I'm not really into getting presents. Most of them I don't know what to do with. They end up sitting around unopened. This contrasts to my kids, who make a big deal about presents at birthdays and at holidays. And it contrasts with my wife and my sister who think giving presents is a big deal, an important part of family. On Father's Day the kids gave me some things they made at camp - buttons with their pictures on them and greeting cards made out of construction paper. That was fine. I also got some DVDs - The Godfather Trilogy (great films but I've seen them a zillion times) and Schindler's List. I hadn't seen that. It came out when my older son was still an infant and in our sleep deprived existence didn’t relish something so somber. The few times it has been on TV since, it seemed too long and too serious for home viewing. A week or two ago I watched it when the rest of the family was out of the house. I thought I'd find it depressing. (My wife and I had gone to see The Pianist a few years ago. That was depressing although there was some expression of a German's humanity in that movie too and it was an important point, but not the emphasis of the picture.)
Here, of course, Schindler was the focus. The movie depicts him as undergoing a personal transformation. Initially he was out to make lots of money, running a factory staffed with interned Jews who provided slave labor. Somehow the barbarism of the time and the insanity of the situation changed Schindler, at least in Steven Spielberg's version of the story. Saving Jews by having them work in his factory became his raison d'ĂȘtre. Stopping the German war machine was his secondary goal. Making money had been a false idol to worship. The ultimate scene has him break down in front of Itzak Stern, the accountant who ran the business, and others about in the factory, full of remorse that he had earlier spent money as if it was water and thus couldn’t save even more of the Jews when his money ran out.
Whether the story is completely true, the Schindler Juden are real enough but Schindler’s personal odyssey is largely unknowable and hence the book upon which the movie was based is considered a work of fiction, it is nonetheless gripping, at least as much for the idea that dire circumstances can make people reevaluate what in life gives it real meaning and that the human response can be decent and uplifting as it is for the other reality, that Schindler was a member of the Nazi party yet he was a man not a beast.
This type of film is a cause for reflection. In my case, the reflection might have been about my ancestors; on my mother’s side both of my grandparents were killed at Auschwitz.

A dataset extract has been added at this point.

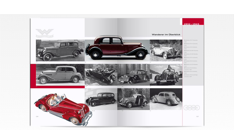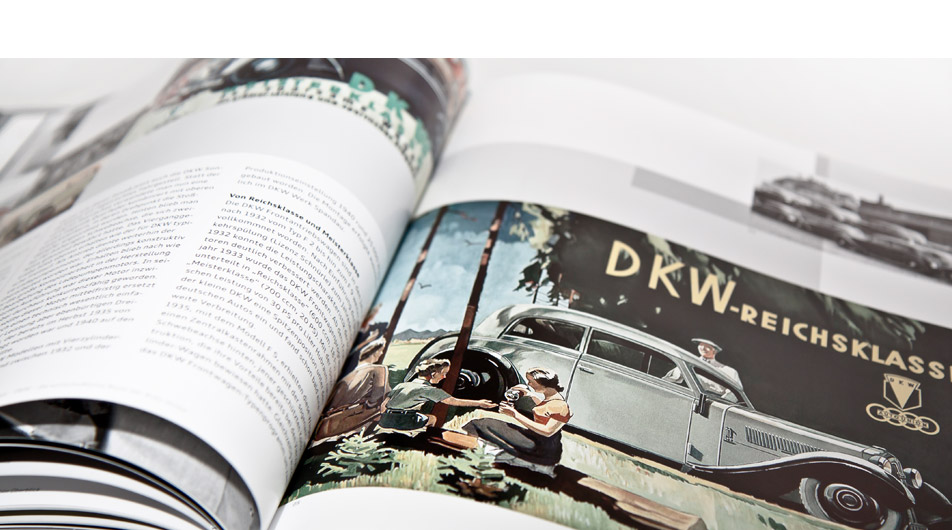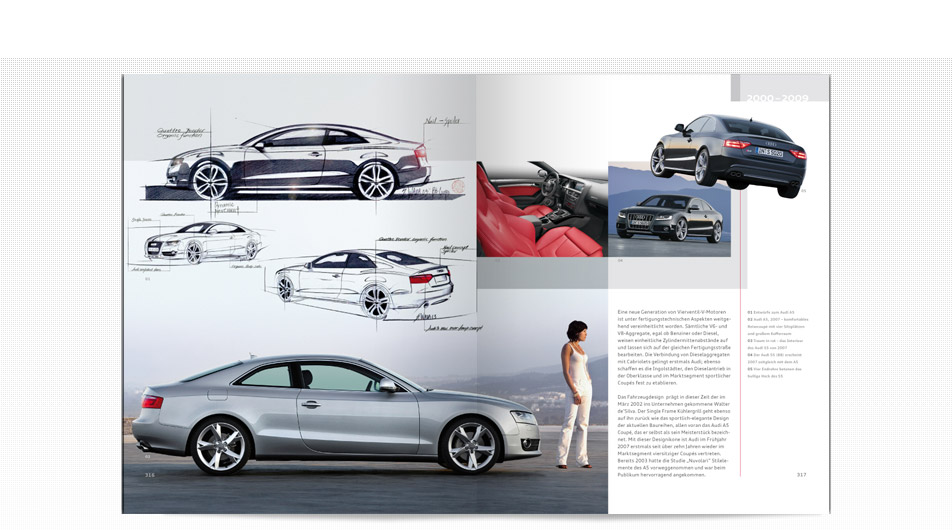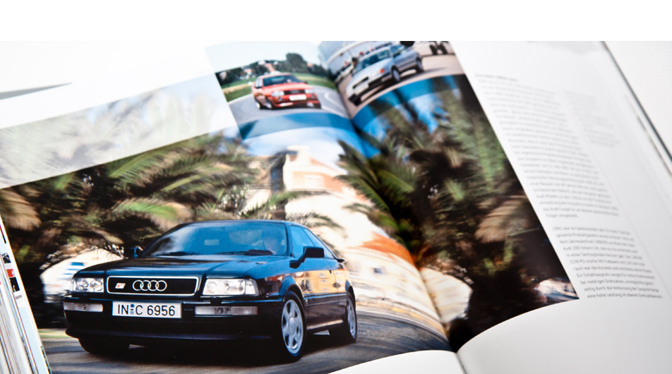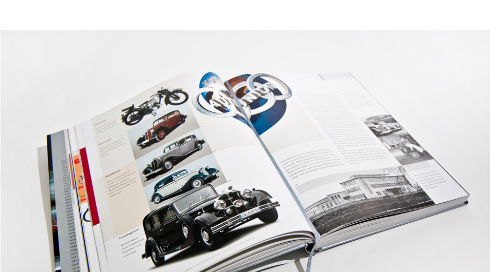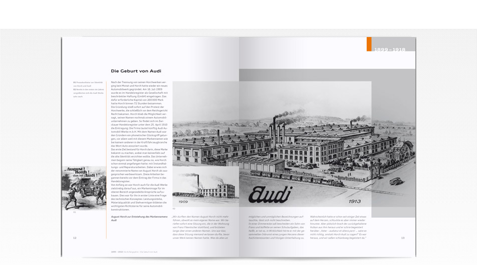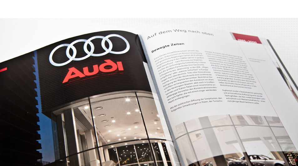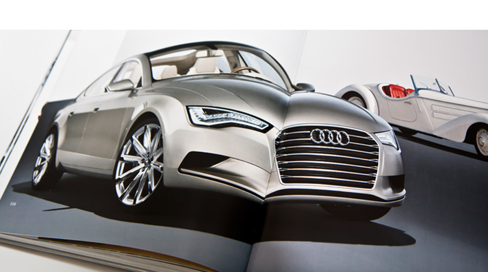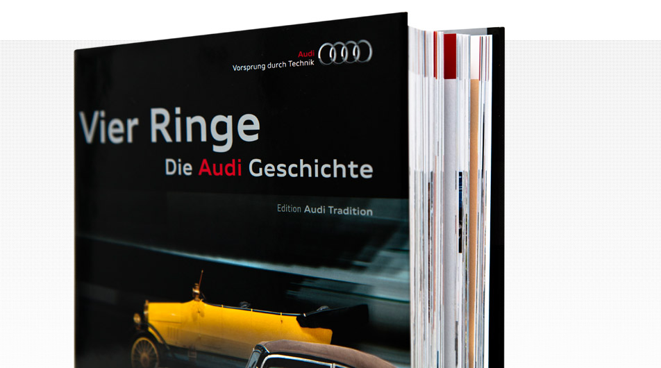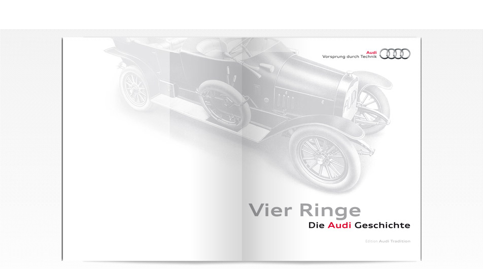 Anlässlich des 100-jährigen Firmenjubiläums galt es die Audi-Geschichte in neuer Form umfassend, spannend und informativ aufzubereiten. Als Fortsetzung der bis dato unter dem Titel »Das Rad der Zeit« erschienenen Buchreihe sollte das neue Werk gegenüber seinen Vorgängern optisch wie inhaltlich – entsprechend dem historischen Anlass – eine neue Wertigkeit reflektieren. Zentraler Schwerpunkt war dabei die angestrebte Symbiose zwischen Design-Bildband und Nachschlagewerk.
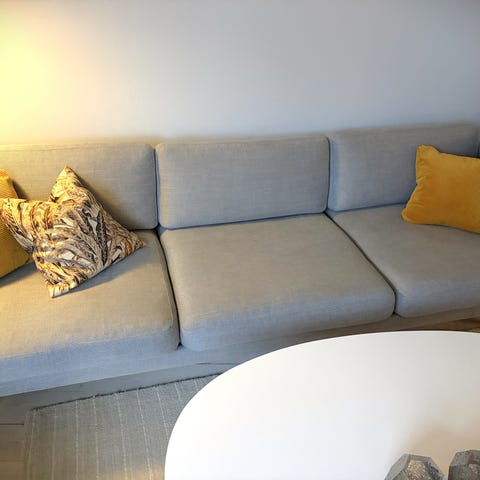 The sofa two seater Haiku is part of a collection designed by GamFratesi for Fredericia brand. The sofa is characterized by an leather or fabric outer shell combined wiht a softer interior available in a wide range of upholstery. Haiku is completed with two cushions. The frame is black laquered.

But instead I started to reconsider my current vocation – promoting good teaching and learning at a research university, using technology as a catalyst and an instrument. I’m continuing on with this reflection, especially in light of the recent documentary, Declining by Degrees. (Incidentally, my posts since this past Tuesday can be taken collectively as my explanation of the dual interrelated problems in College education today: the “Disengagement Compact” and the “Hyperinflation in Tuition.”)
I had not asked myself this before, but is it possible that attempts to save the entire system are foolhardy, even vain. Most of the Arizona students who showed up on camera in Declining by Degrees seemed comfortable enough, perhaps even too comfortable. Sure there seems to be a terrible waste in how little they are putting into their own education (and in how little some of their professors are challenging them). But perhaps they should be left to their own devices. Perhaps, instead, the focus should be on only those students and teachers who are eager and ensuring they are done right by how and what we teach. If the rest are, to borrow a phrase from Pink Floyd, comfortably numb, maybe we should leave them there.
The Sloan Foundation, which has been one of the big advocates for online education, has made their issue about access. Declining by Degrees also made access a big issue, but for them access and costs were essentially two sides of the same coin; access is restricted for lower income students who have to pay high tuition. There is nobility in promoting access. But it has never seemed like the right issue here. We have more students at the undergraduate level than we know what to do with.
The news is awash with stories about religion and fundamental belief. Today’s NY Times has an article about a Viennese Cardinal’s view that Darwinian evolution is not the right story and that there must have been Divine intervention. The Sandra Day O’Connor resignation and the jockeying for her replacement has brought out the beliefs of “Original Intent” by folks such as Robert Bork, who can not stomach other Justices like Anthony Kennedy, who has been known to change his mind. And, of course, the London bombing have brought out the faith and resolve of Prime Minister Blair and President Bush.
I am driven by doubt, not faith. All the expression of faith makes it seem to me a world that is crazy, defying reason. So I express my alternative. And with that I have to wonder if what I’ve been putting my efforts into is all that important.